If you've ever invested in a business that uses one of several different types of legal structures, such as partnership, "C" corporation, or LLC, then you've probably received a Schedule K-1 in the mail during tax season. And while MLPs and LLCs are able to pass more income on to investors because they don't pay corporate income taxes, it adds another layer of complexity for the shareholder/partner. You may also get a Schedule K-1 if you're the beneficiary of a trust or an estate.

Let's take a closer look at the Schedule K-1 form, the implications for you, and what you must do with it.

The pros and cons of trusts, partnerships, S corps

For investing purposes, MLPs and LLCs can be a great way to maximize the amount of cash that can be paid to investors, because these organizational structures don't pay income tax, but pass that burden along to those who are invested in it. The same goes for some trust structures.

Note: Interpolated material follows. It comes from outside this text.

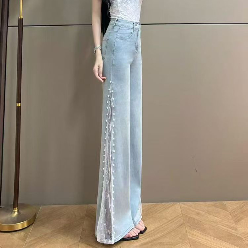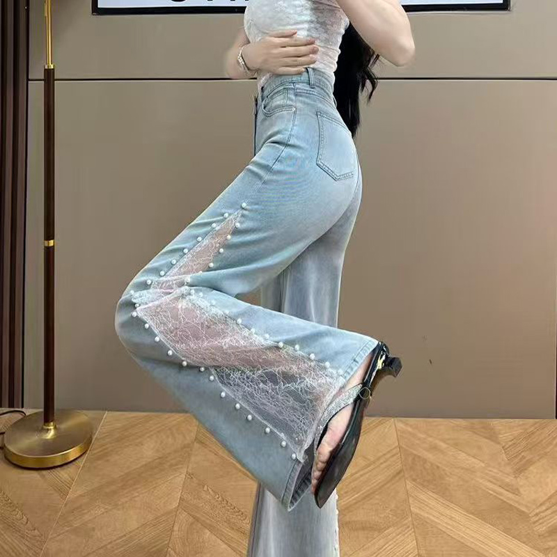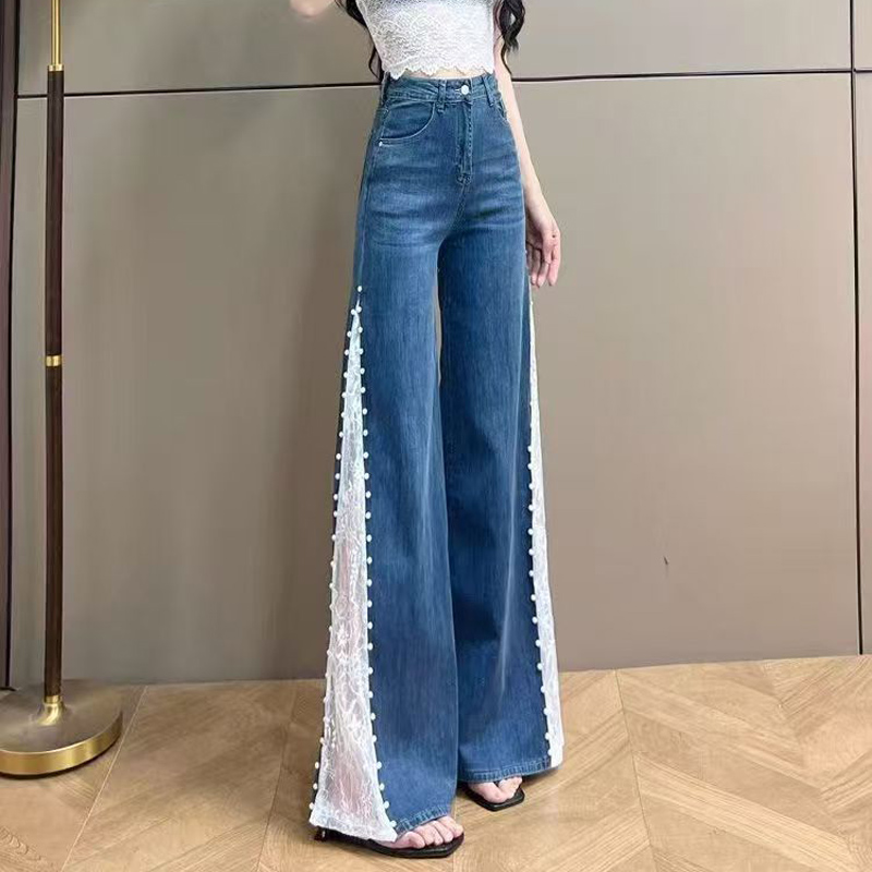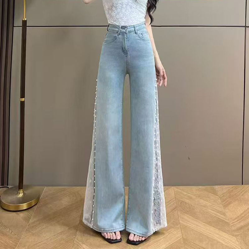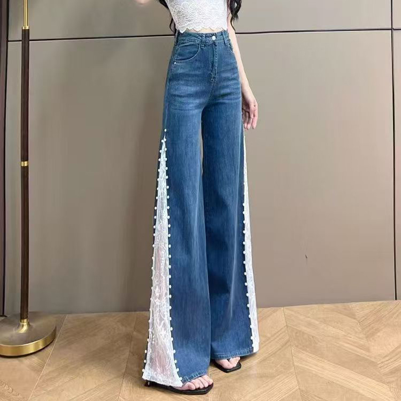 YF6948-(2色入内)港式辣妹微喇叭蕾丝拼接钉珠系扣高腰坠地感阔腿牛仔裤

In other words, because these entities don't pay corporate taxes, the full burden falls on those receiving income from them. This differs from dividend income paid to shareholders by a typical corporation in that regular dividends are taxed as long-term capital gains, while much of the income paid and shown on a Schedule K-1 can be classified as regular income. That means it's taxed at your effective income-tax rate, which is often much higher than the 15% or 20% long-term capital gains rate for corporate dividends.

In summary, a Schedule K-1 issuing entity may be able to pass more income along to you, the investor, but you may end up giving more of it back in taxes than if you'd received regular dividends from a corporation. It really boils down to your tax rate, and how much more income the LLC, MLP, or trust is able to pay.

Different Schedule K-1 forms, and what they're for

There are three Schedule K-1 forms: The Form 1041, which is for beneficiaries of an estate or trust:

Form 1065, which is for partners in a master limited partnership, or LLC:

Source: IRS.

And Form 1120S, for "S" corporations:

Source: IRS.

These Schedule K-1 forms are much like a 1099 or W2 in that it's something you'll receive from the trust, estate, LLC, S corp., or partnership, breaking down your share of the income into the various categories under which that income falls. This matters, because different kinds of income may be taxed as capital gains, or as regular income, and you want to be sure to pay the appropriate tax rate -- especially the lower capital gains rate.

Source: IRS.

It's also a little different from a W2 or 1099, which only report income paid to you. If you're getting a Schedule K-1 form from an entity you partly own, you may also be able to claim a share of the losses, deductions, and credits, as well as your share of the income.

What you need to do with it

It's just like any other tax-reporting document you get before tax season: You need to report it when you file your taxes, and for two reasons:

  • It's taxable income.
  • It's already been reported to the IRS by the entity that paid you, and they'll notice if you omit it when you file taxes.

It's highly advisable that you either go to a tax professional, or at least use reputable tax-filing software if you're getting any of these Schedule K-1 forms. Not only will this simplify the process, but the cost to do so is well worth it, just in the time you'll save versus trying to do it by hand. This is especially true if you have multiple Schedule K-1 forms.

It's about the big picture

If you're getting a Schedule K-1 form because of a windfall such as an inheritance from an estate, or as beneficiary of a trust, it's just the way it is. But if you're receiving them due to investments in LLCs, partnerships, or a "C" corp, you should look at the bigger picture.

Those entities are able to pay you more income because of their legal structures, but you'll probably pay more tax on your end. In some cases, you'll also get a share of the losses, deductions, and credits, as well. In other words, there are numerous potential benefits to these kinds of structures.

There are trade-offs, too. You'll have more complex -- and potentially more costly -- tax preparation each year. If you're only getting a small amount of income because of a minimal investment in a few shares of an MLP or LLC, it may not be worth it.

But if it's a major source of income, such as being co-owner of your business, then it's obviously a different situation entirely. Whether the income you get from these investments is worth the cost and headache is something you'll have to determine based on your situation.